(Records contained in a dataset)
=======
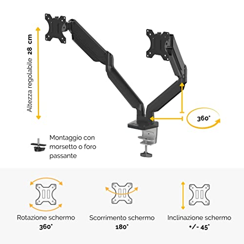 TECNOLOGIA A MOLLE A GAS: Braccio monitor completamente regolabile senza fatica che può oscillare di 180°, inclinarsi di +85°/-15° e permette la rotazione dello schermo di 360° grazie alle molle a gas
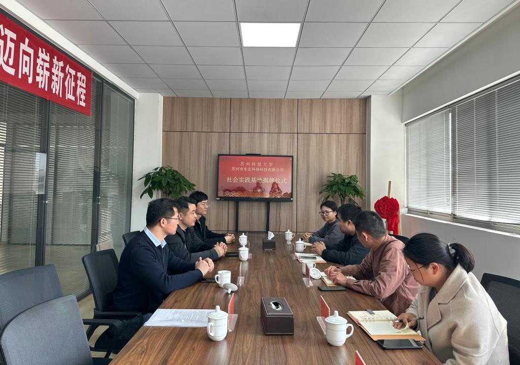 苏州市东宏环保科技有限公司总经理吴晓东、顾问部经理赵兵、咨询部经理方云等共同出席了此次仪式。任云高介绍了公司学科、专业建设以及人才培养等方面的情况,着重说明了22届毕业生目前的就业状况。吴晓东介绍了公司业务版块以及对人才的需求状况。双方表达了深入校企合作的意愿,希望在社会实践、就业实训等方面开展进一步合作。
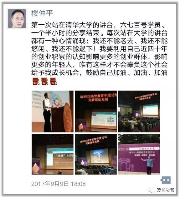 通過(guò)持續不斷地積累,“雙童”樓仲平也從企業(yè)管理工作者逐漸轉變?yōu)閯?chuàng )業(yè)研究和管理教育工作者,在時(shí)代快速改變下不斷更新提升自己的認知,逐漸完成了第二次人生迭代,從八零后迭代為九零后!
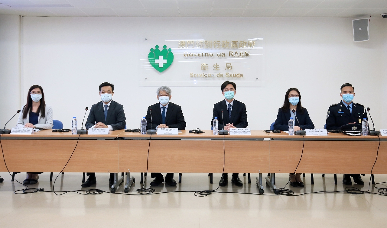 新型冠状病毒感染应变协调中心(下称应变协调中心)于今(12)日举行例行记者会,卫生局李展润局长、仁伯爵综合医院罗奕龙医务主任、教育暨青年局教育研究暨资源厅黄健武厅长、旅游局执照及监察厅陈露厅长、治安警察局行动及通讯处马超雄处长、疾病预防控制中心传染病梁亦好协调员共同会见传媒。
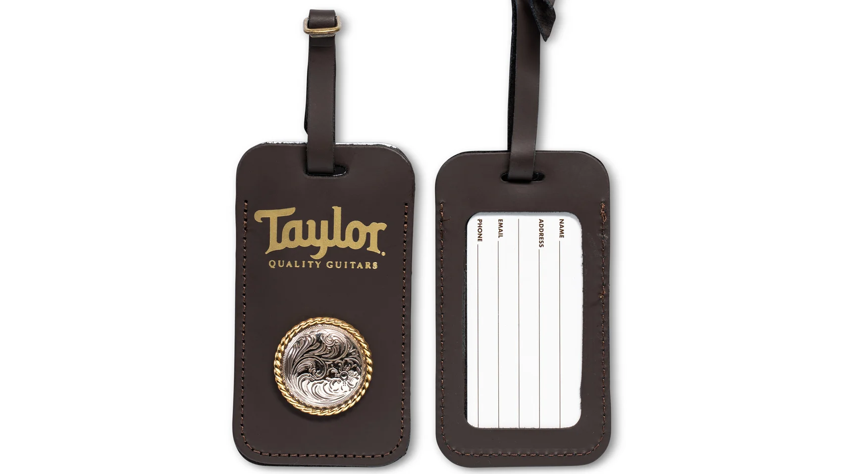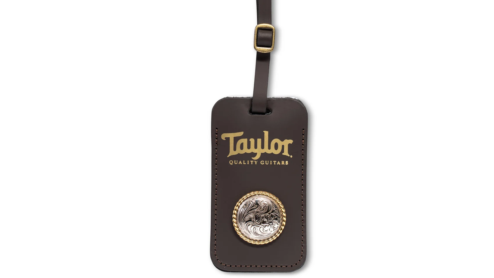 Home & Gifts - Taylor Leather Luggage Tag W/Concho, Chocolate Brown, Gold Logo | Taylor Guitars arrow icon-cart icon-email icon-facebook icon-g-plus icon-instagram No-Audio Pause icon-pin Untitled-1 icon-print icon-search icon-show-hide icon-tiktok icon-twitter Audio icon-youtube-play icon-youtube logo-mobile
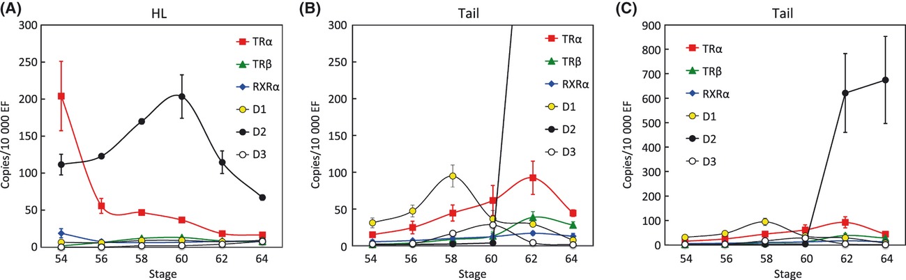 Figure 1: Developmental gene expression profiles during Xenopus laevis spontaneous metamorphosis. mRNA expression levels of thyroid hormone receptor (TRα) (red square), TRβ (green triangle), RXRα (blue diamond), D1 (yellow circle), D2 (closed circle), and D3 (open circle) are shown. Total RNA was extracted from hind limbs (A), and tail (B and C) of 3â6 tadpole siblings at the indicated stages. mRNA levels of metamorphosis-related genes were quantified by RT-PCR and normalized to EF mRNA. Data are shown as means ± SE. (n = 3â7). EF, elongation factor.
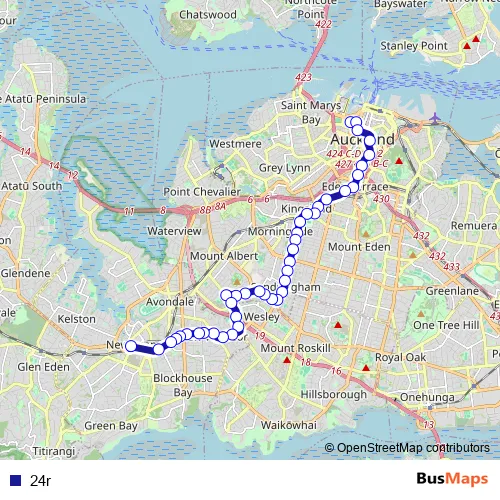 See why over 2 million users trust and consider busmaps.com as the best public transport website. busmaps gives you Auckland Buses suggested routes, real-time bus tracker, line route maps in Auckland, and helps to find the closest 24r bus stops near you. No internet available? Download an offline PDF map and bus schedule for the 24r bus to take on your trip.
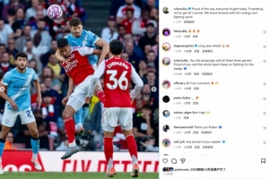 曼城球員魯本-迪亞斯也在社媒曬出本場照片,配文寫道:“為今天全隊的拼搏精神感到驕傲,很失望沒能拿到3分,我們帶著能量與斗爭精神繼續(xù)前進!”
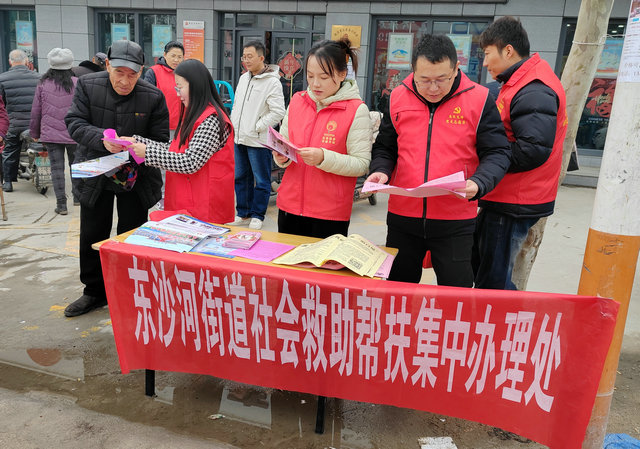 为做好社会救助政策宣传,提高群众对社会救助政策的知晓率,3月3日,东沙河街道组织民政事务岗、社会工作岗等志愿者在东沙河大集开展了“社会救助集中帮办日”宣传活动。
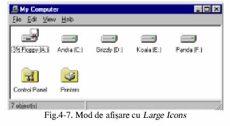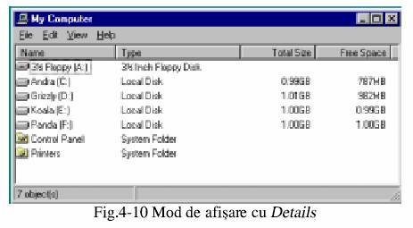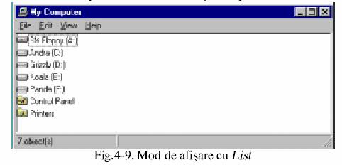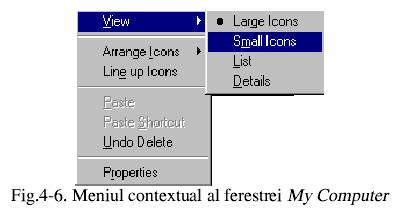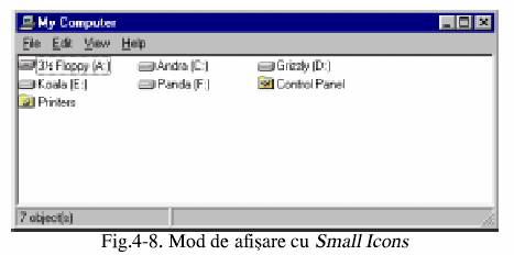 Small icons: pentru afisare vor fi utilizate icon-uri de dimensiune redusa, ca in figura4-8. Acest mod de afisare este util in cazul in care in fereastra My Computer exista foarte multe obiecte.
=======
* **Required work**:
Nothing but the records, copied exactly and stripped of pictures, should be returned.

* **Result**:
 TECNOLOGIA A MOLLE A GAS: Braccio monitor completamente regolabile senza fatica che può oscillare di 180°, inclinarsi di +85°/-15° e permette la rotazione dello schermo di 360° grazie alle molle a gas
 苏州市东宏环保科技有限公司总经理吴晓东、顾问部经理赵兵、咨询部经理方云等共同出席了此次仪式。任云高介绍了公司学科、专业建设以及人才培养等方面的情况,着重说明了22届毕业生目前的就业状况。吴晓东介绍了公司业务版块以及对人才的需求状况。双方表达了深入校企合作的意愿,希望在社会实践、就业实训等方面开展进一步合作。
 通過(guò)持續不斷地積累,“雙童”樓仲平也從企業(yè)管理工作者逐漸轉變?yōu)閯?chuàng )業(yè)研究和管理教育工作者,在時(shí)代快速改變下不斷更新提升自己的認知,逐漸完成了第二次人生迭代,從八零后迭代為九零后!
 新型冠状病毒感染应变协调中心(下称应变协调中心)于今(12)日举行例行记者会,卫生局李展润局长、仁伯爵综合医院罗奕龙医务主任、教育暨青年局教育研究暨资源厅黄健武厅长、旅游局执照及监察厅陈露厅长、治安警察局行动及通讯处马超雄处长、疾病预防控制中心传染病梁亦好协调员共同会见传媒。
 Home & Gifts - Taylor Leather Luggage Tag W/Concho, Chocolate Brown, Gold Logo | Taylor Guitars arrow icon-cart icon-email icon-facebook icon-g-plus icon-instagram No-Audio Pause icon-pin Untitled-1 icon-print icon-search icon-show-hide icon-tiktok icon-twitter Audio icon-youtube-play icon-youtube logo-mobile
 Figure 1: Developmental gene expression profiles during Xenopus laevis spontaneous metamorphosis. mRNA expression levels of thyroid hormone receptor (TRα) (red square), TRβ (green triangle), RXRα (blue diamond), D1 (yellow circle), D2 (closed circle), and D3 (open circle) are shown. Total RNA was extracted from hind limbs (A), and tail (B and C) of 3â6 tadpole siblings at the indicated stages. mRNA levels of metamorphosis-related genes were quantified by RT-PCR and normalized to EF mRNA. Data are shown as means ± SE. (n = 3â7). EF, elongation factor.
 See why over 2 million users trust and consider busmaps.com as the best public transport website. busmaps gives you Auckland Buses suggested routes, real-time bus tracker, line route maps in Auckland, and helps to find the closest 24r bus stops near you. No internet available? Download an offline PDF map and bus schedule for the 24r bus to take on your trip.
 曼城球員魯本-迪亞斯也在社媒曬出本場照片,配文寫道:“為今天全隊的拼搏精神感到驕傲,很失望沒能拿到3分,我們帶著能量與斗爭精神繼續(xù)前進!”
 为做好社会救助政策宣传,提高群众对社会救助政策的知晓率,3月3日,东沙河街道组织民政事务岗、社会工作岗等志愿者在东沙河大集开展了“社会救助集中帮办日”宣传活动。
 Small icons: pentru afisare vor fi utilizate icon-uri de dimensiune redusa, ca in figura4-8. Acest mod de afisare este util in cazul in care in fereastra My Computer exista foarte multe obiecte.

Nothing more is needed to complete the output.